This thesis describes results from fundamental studies of liposomes intended for drug delivery and pH or temperature triggered release. In addition, the effect of lipid composition on bilayer disc formation and a potential application of the bilayer discs were investigated.

The lower pH encountered by endocytosed liposomes can be utilized to trigger drug release. The mechanisms behind cytosolic drug delivery were investigated using two different kinds of pH-sensitive liposomes. The results indicate that incorporation of non-lamellar forming lipids into the endosome membrane may allow for drug escape into the cytosol.

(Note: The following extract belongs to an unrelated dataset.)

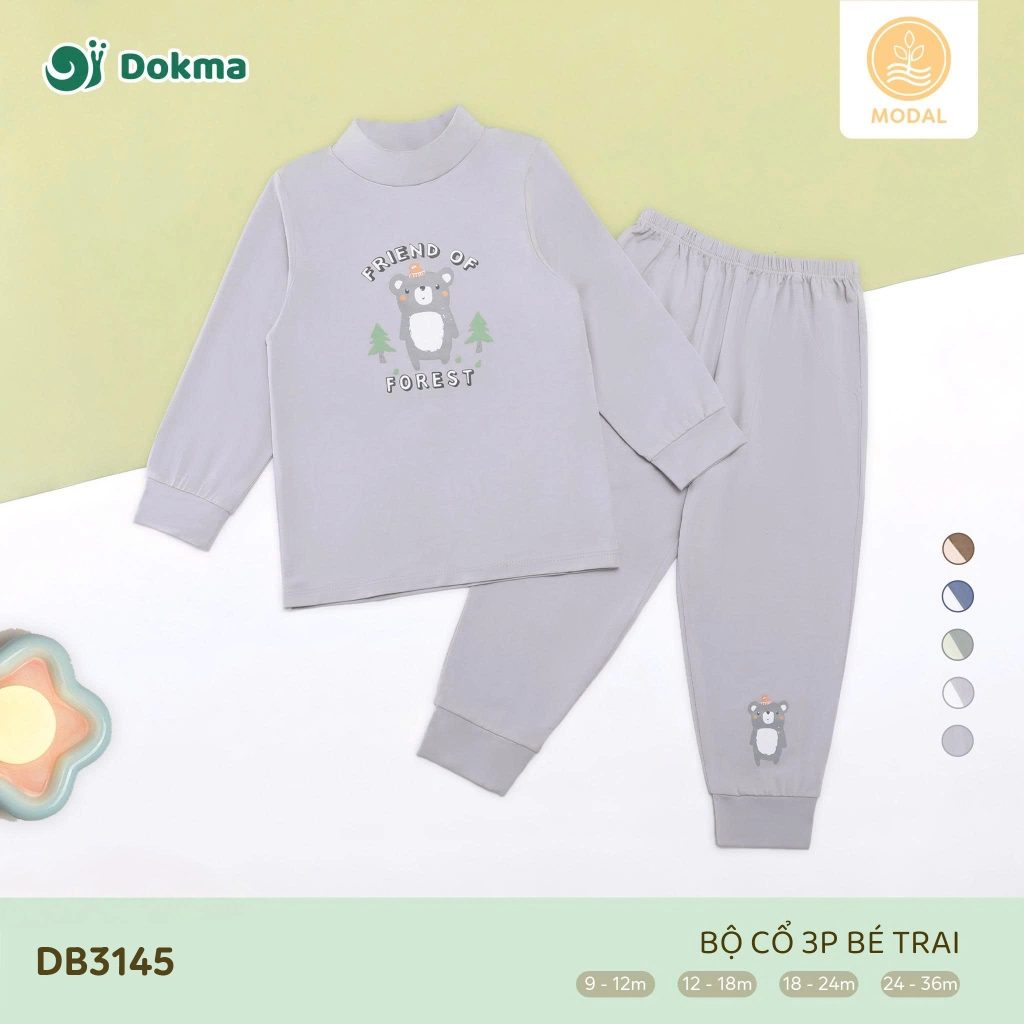 Dokma Boys’ 3P Collar Modal Set (Code: DB3145) is a comfortable two-piece outfit designed for infants and toddlers, crafted from premium modal fabric that is exceptionally soft, breathable, and gentle on sensitive skin. Featuring a long-sleeve top with a 3P collar for light warmth and cuffed pants for a neat, secure fit, this set offers ease of movement and all-day comfort for daily wear. Finished with cute animal prints and soft pastel tones, and available in brown beige, grey, white grey, white blue, and blue, in sizes 9–36 months, this Vietnam-made product is a reliable option for international buyers sourcing high-quality, skin-friendly baby apparel with strong retail appeal.

Temperature-sensitive liposomes containing lysolipid (LTSL) release their content almost instantly when heated to temperatures close to the gel to liquid crystalline phase transition temperature (TC). Morphological changes of the liposomes in response to temperature cycling were studied. Temperature cycling induced liposome openings and disintegration of the liposomes into bilayer discs. Incubation of LTSL in the presence of multilamellar liposomes (MLVs) resulted in relocalisation of lysolipid into the MLVs, which affected the rapid release from LTSL. We propose that the presence of micelle-forming components, such as lysolipids and PEG-lipids, facilitates the formation of defects and membrane openings during the initial phase of membrane melting, resulting in the observed rapid release. Similar to added lysolipids, also hydrolysis generated lysolipids induce disc-formation upon heating through TC of the lipid mixture.

Two fundamentally different micelles may form in PEG-lipid/lipid mixtures. We found that discoidal structures are preferred over cylindrical micelles when the mixture contains components that reduce the spontaneous curvature, increase the monolayer bending modulus, or reduce PEG-lipid/lipid miscibility. The large discoidal micelles found at low PEG-lipid content are better described as bilayer discs. We evaluated such discs as model membranes in drug partitioning studies, and suggest that they, in some cases, produce more accurate data than liposomes.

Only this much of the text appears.